随机森林替代多元线性回归可提高评分函数结合亲和力预测的准确性：以 Cyscore 为例。

Substituting random forest for multiple linear regression improves binding affinity prediction of scoring functions: Cyscore as a case study.

机构信息

Department of Computer Science and Engineering, Chinese University of Hong Kong, Hong Kong, China.

出版信息

BMC Bioinformatics. 2014 Aug 27;15(1):291. doi: 10.1186/1471-2105-15-291.

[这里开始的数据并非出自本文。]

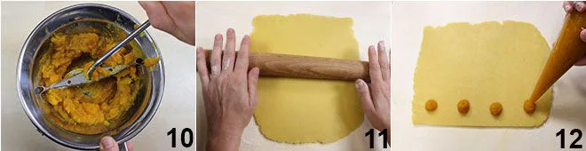 Pass the obtained mixture through a food mill 10 and set it aside in a bowl to cool. Roll out a strip of shortcrust pastry about 8 inches wide and 1/5 inch thick 11. Transfer the filling into a piping bag and fill your cookies, placing dollops of filling on the pastry 12.
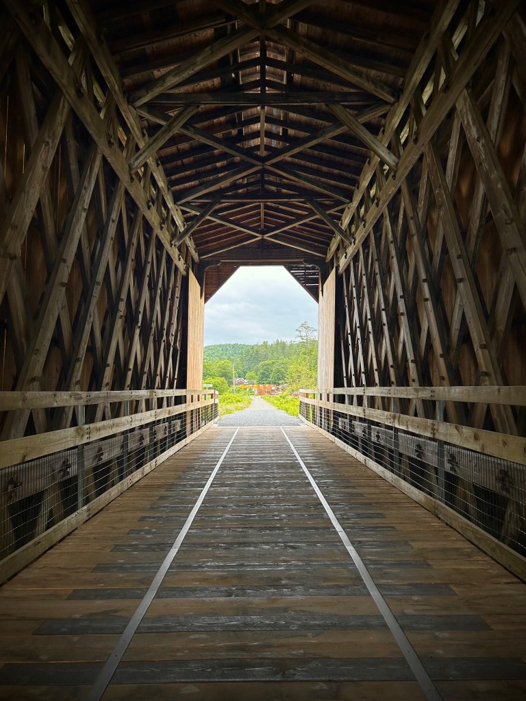 I walk back slowly on that trail, under the cool shading trees. Chicory, knapweed, Canada lily. In the covered railroad bridge, I pause in its interior dimness, light at either end. There’s no one around at all. I soak it in.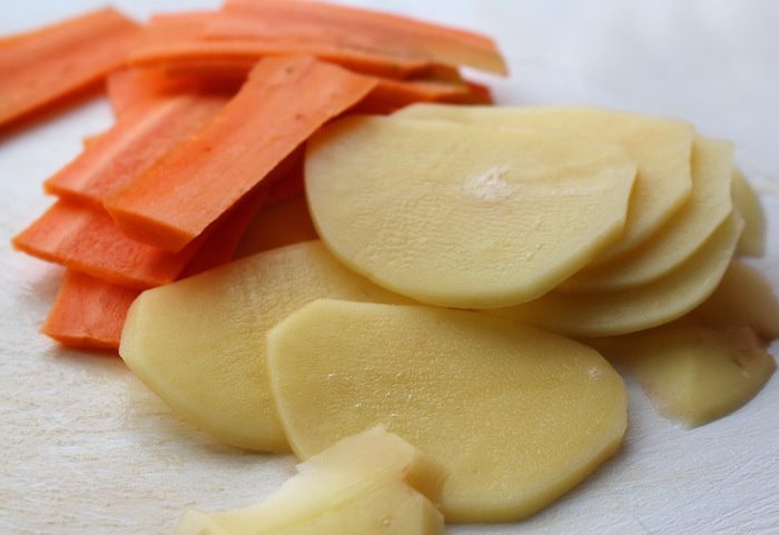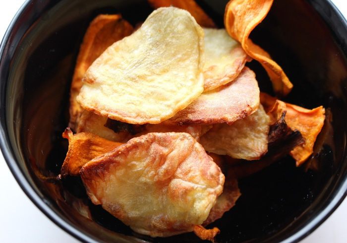 Сделать чипсы. Картофель и морковь почистить и натереть на терке-мандолине.

DOI:10.1186/1471-2105-15-291

PMID:25159129

原文链接:https://pmc.ncbi.nlm.nih.gov/articles/PMC4153907/

Abstract

BACKGROUND

State-of-the-art protein-ligand docking methods are generally limited by the traditionally low accuracy of their scoring functions, which are used to predict binding affinity and thus vital for discriminating between active and inactive compounds. Despite intensive research over the years, classical scoring functions have reached a plateau in their predictive performance. These assume a predetermined additive functional form for some sophisticated numerical features, and use standard multivariate linear regression (MLR) on experimental data to derive the coefficients.

RESULTS

In this study we show that such a simple functional form is detrimental for the prediction performance of a scoring function, and replacing linear regression by machine learning techniques like random forest (RF) can improve prediction performance. We investigate the conditions of applying RF under various contexts and find that given sufficient training samples RF manages to comprehensively capture the non-linearity between structural features and measured binding affinities. Incorporating more structural features and training with more samples can both boost RF performance. In addition, we analyze the importance of structural features to binding affinity prediction using the RF variable importance tool. Lastly, we use Cyscore, a top performing empirical scoring function, as a baseline for comparison study.

CONCLUSIONS

Machine-learning scoring functions are fundamentally different from classical scoring functions because the former circumvents the fixed functional form relating structural features with binding affinities. RF, but not MLR, can effectively exploit more structural features and more training samples, leading to higher prediction performance. The future availability of more X-ray crystal structures will further widen the performance gap between RF-based and MLR-based scoring functions. This further stresses the importance of substituting RF for MLR in scoring function development.

摘要

背景

最先进的蛋白质-配体对接方法通常受到其打分函数传统上准确性低的限制，打分函数用于预测结合亲和力，因此对于区分活性和非活性化合物至关重要。尽管多年来进行了密集的研究，但经典的打分函数在其预测性能方面已经达到了一个瓶颈。这些打分函数假设一些复杂的数值特征具有预定的加性函数形式，并使用标准多元线性回归（MLR）对实验数据进行分析以得出系数。

结果

在本研究中，我们表明这种简单的函数形式不利于打分函数的预测性能，并且用机器学习技术（如随机森林（RF））替代线性回归可以提高预测性能。我们研究了在各种情况下应用 RF 的条件，并发现只要有足够的训练样本，RF 就能够全面捕捉结构特征与测量结合亲和力之间的非线性关系。纳入更多结构特征和使用更多样本进行训练都可以提高 RF 性能。此外，我们使用 RF 变量重要性工具分析结构特征对结合亲和力预测的重要性。最后，我们使用表现最佳的经验打分函数 Cyscore 作为比较研究的基线。

结论

机器学习打分函数与经典打分函数在根本上不同，因为前者回避了将结构特征与结合亲和力联系起来的固定函数形式。RF 而不是 MLR 可以有效地利用更多的结构特征和更多的训练样本，从而提高预测性能。未来更多 X 射线晶体结构的可用性将进一步扩大 RF 基于和 MLR 基于打分函数之间的性能差距。这进一步强调了在打分函数开发中用 RF 替代 MLR 的重要性。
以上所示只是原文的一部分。